Stevie Nicks duetted with Crow on the songs Strong Enough and Every Day Is A Winding Road as she was inducted to the Rock And Roll Hall Of Fame last November

grey placeholderGetty Images Olivia Rodrigo and Sheryl Crow on stageGetty Images

Olivia Rodrigo also attended the ceremony, playing a spirited version of If It Makes You Happy

Stevie Nicks has been a huge presence in her life before and since.

Last November, she turned up to support Crow upon her induction to the Rock and Roll Hall of Fame.

“I am so proud of you,” Nicks told the singer. “It’s a very elite club for us women. I found out at four o’clock in the morning and had to dance around my room for you.”

Also joining the celebration was Olivia Rodrigo, who has spoken glowingly of Crow’s influence on her songwriting.

She’s not the only one.

Indie supergroup Boygenius wrote their breakout hit Not Strong Enough as a response to Crow’s song Strong Enough; Kacey Musgraves recorded her Golden Hour at Crow’s home studio in Nashville; and St Vincent recently phoned up for advice on producing her new album.

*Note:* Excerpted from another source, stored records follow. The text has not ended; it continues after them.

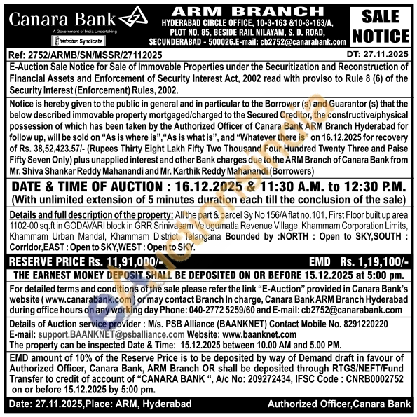 Details and full description of the property: All the part & parcel Sy No 156/A flat no. 101, First Floor built up area 1102-00 sq.ft in GODAVARI block in GRR Srinivasam Velugumatla Revenue Village, Khammam Corporation Limits, Khammam Urban Mandal, Khammam District, Telangana Bounded by:NORTH: Open to SKY,SOUTH : Corridor, EAST: Open to SKY, WEST: Open to SKY
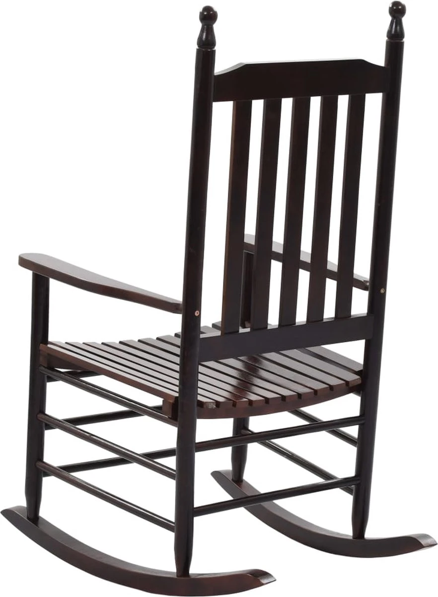 Le fauteuil est fait de bois dur massif avec une finition durable. La chaise se distingue par sa durabilité et sa résistance aux intempéries. Le fauteuil à bascule peut être placé dans le salon ainsi que sur la terrasse, pour lire un livre ou pour déguster une tasse de café.
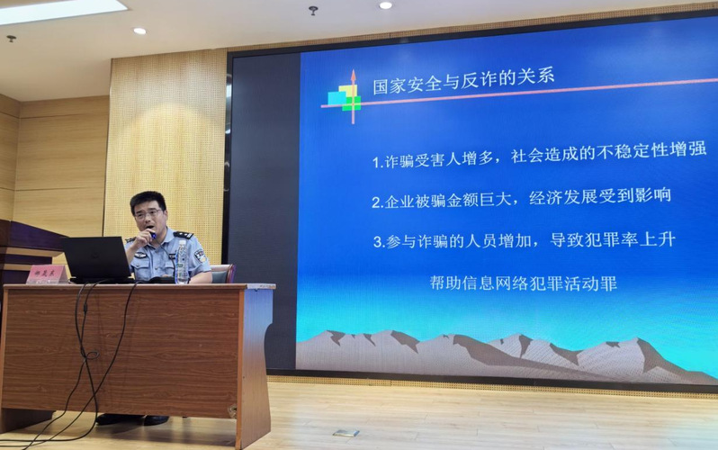 随后,丹徒区长山派出所副所长娜晟东为新生带来内容丰富、案例详实的专题讲座。讲座围绕“国家安全”与“防范电信网络诈骗”两大核心主题展开。他结合当前国际国内形势,用通俗易懂的语言为新生阐释了国家安全的核心内涵、维护国家安全的重要性,介绍了与大学生息息相关的政治安全、网络安全、文化安全等领域的基本知识,引导同学们深刻认识到“国家安全,人人有责”,自觉成为国家安全的坚定维护者。
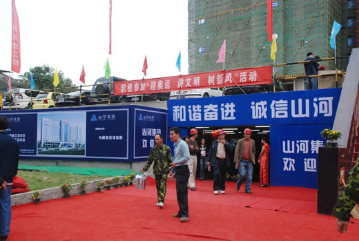 27日上午,武汉市政府、汉阳区区委、武汉市建委、市建管办等主管部门领导和嘉宾,以及各大媒体共500余人参加了此次大会。他们在现场看到了一个建设工程安全和文明施工都非常到位的项目部。在这里,工地上看不见一根随处乱放的钢管;生活区处处干净整洁,工人师傅在温馨如家的环境中休闲娱乐;办公室里各种文件资料分门别类摆放得整整齐齐……而这些不俗的表现,也是行政主管单位为什么会把现场观摩会放在山河集团项目部举行的原因。
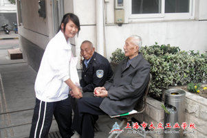 和前几次一样,接待志愿者们的是福利院的徐主任,接下来服务小队的成员们两两分散开来,为不同寝室的老人们送上水果和点心。服务小队的刘清华和王婷两位同学注意到有一部分老人们喜欢坐在楼道外的椅子上晒晒太阳,于是她们在为寝室的老人们派发完水果之后又来到楼道为那里的老人送爱心。这个过程里,刘清华同学正巧看见一位年纪很大的老爷爷要下楼梯,她急忙上千搀扶他,老爷爷客气地对她说了声“谢谢”。
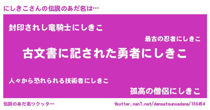 | ヘコむあだ名 | 『にしきこ(震え声)』『にしにー』 |
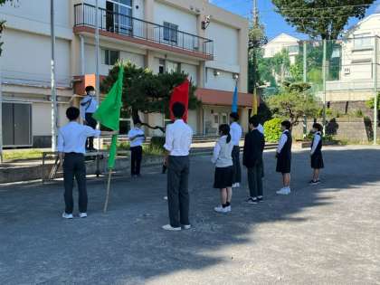 放課後、体育委員、応援団、生徒会役員の生徒たちが集まり、体育祭の開会式、閉会式のリハーサルを行いました。
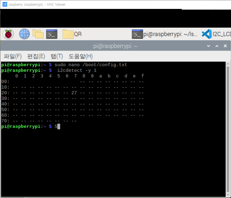 라즈베리파이3 B+아두이노 I2C 1602 LCD 모듈 \[SZH-EK101]브레드보드, 케이블VSCode로 했음.python3 설치I2C Enable 설정3 Interface Options > P5 I2C > Enable 할거냐고 물어보면 YES!smbus 설치i2c
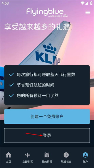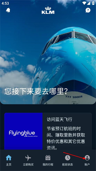 1、打開KLM軟件主頁,點擊底部導航欄的賬戶選項,進入對應的賬戶頁面。
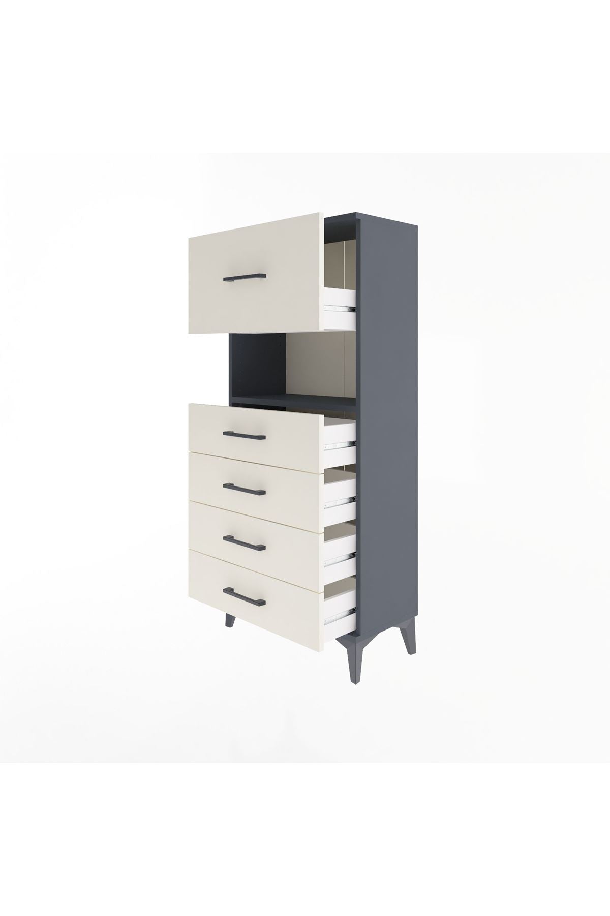 Arges Dolap Tek Raflı 5 Çekmeceli 60x30x134 Antrasit-Aytaşı
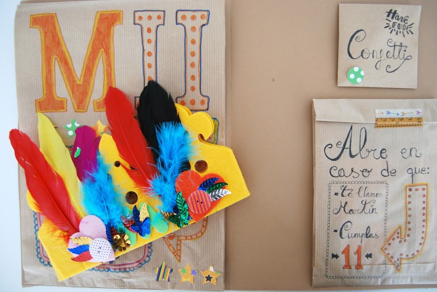 Nosotras preparamos lo que nos pareció imprescindible en cualquier cumpleaños: El sobre más grande tenía dentro una corona de cumpleañero nada minimalista, los cumples no pueden ser minimalistas, es un hecho :-). Se puede hacer con una corona de fieltro, pegamento y todos los abalorios que encuentres por casa.
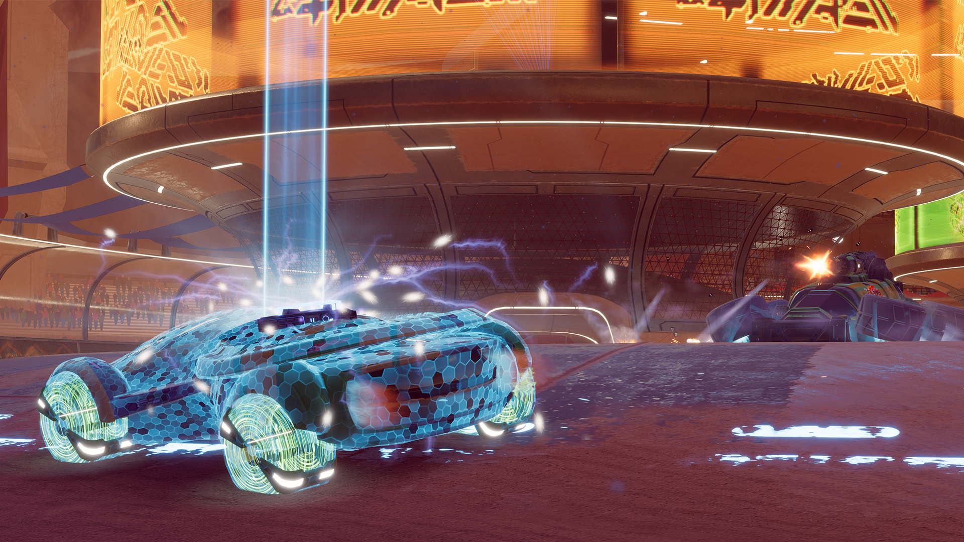 'Rivals Hover League' ist ein PvP-Spiel mit vehikulärem Kampf, in dem Spieler in Arenen im ganzen Universum mit Hover-Fahrzeugen mit verschiedenen Fähigkeiten kämpfen. Schließe dich deinen Teamkollegen an und zeige deine Fähigkeiten - schwebe, booste und schieße dich zum MVP!

Crow is blown away by all the love coming her way.

“It’s amazing,” she says. “The young women right now that are playing and singing and writing authentically is blowing my mind because, 15 or 20 years ago, I really worried that everything was just dance routines and lip syncing and boobs and lips.

“I was just like, ‘When are we going to have young female songwriters who pick up guitars and gut wrenchingly tell us about where they’re at?

“And I’m seeing that now from Olivia Rodrigo and Taylor and Boygenius and Courtney Barnett. It’s so fun. I feel so optimistic.”

grey placeholderWill Scowns Sheryl Crow promotional shotWill Scowns

Crow says she still loves being on tour: “It’s such an honour. I feel euphoric”

And what if her sons decide to follow her onto the stage?

They’ve already made a brief (but cute) appearance during her Glastonbury set in 2019 and the singer says she’ll be supportive, no matter where life takes them.

“I try to help my kids navigate life, as opposed to trying to orchestrate their lives,” she says.

“There’s nothing off limits. I even tell my kids, ‘If you drink, my phone is on, you call me to come get you, you will not get grounded’.”

Isn’t that because they could easily look up her youthful misdemeanours on Google?

“We talked about that!” she laughs. “I talked about the fact that I cannot believe I’m alive, you know?

“I remember late nights of recording out in Pasadena and driving my own car home, and not remembering how I got there. I’m very lucky, some people aren’t.

“I tell my kids, ‘Don’t count on the angels’… But there are angels.”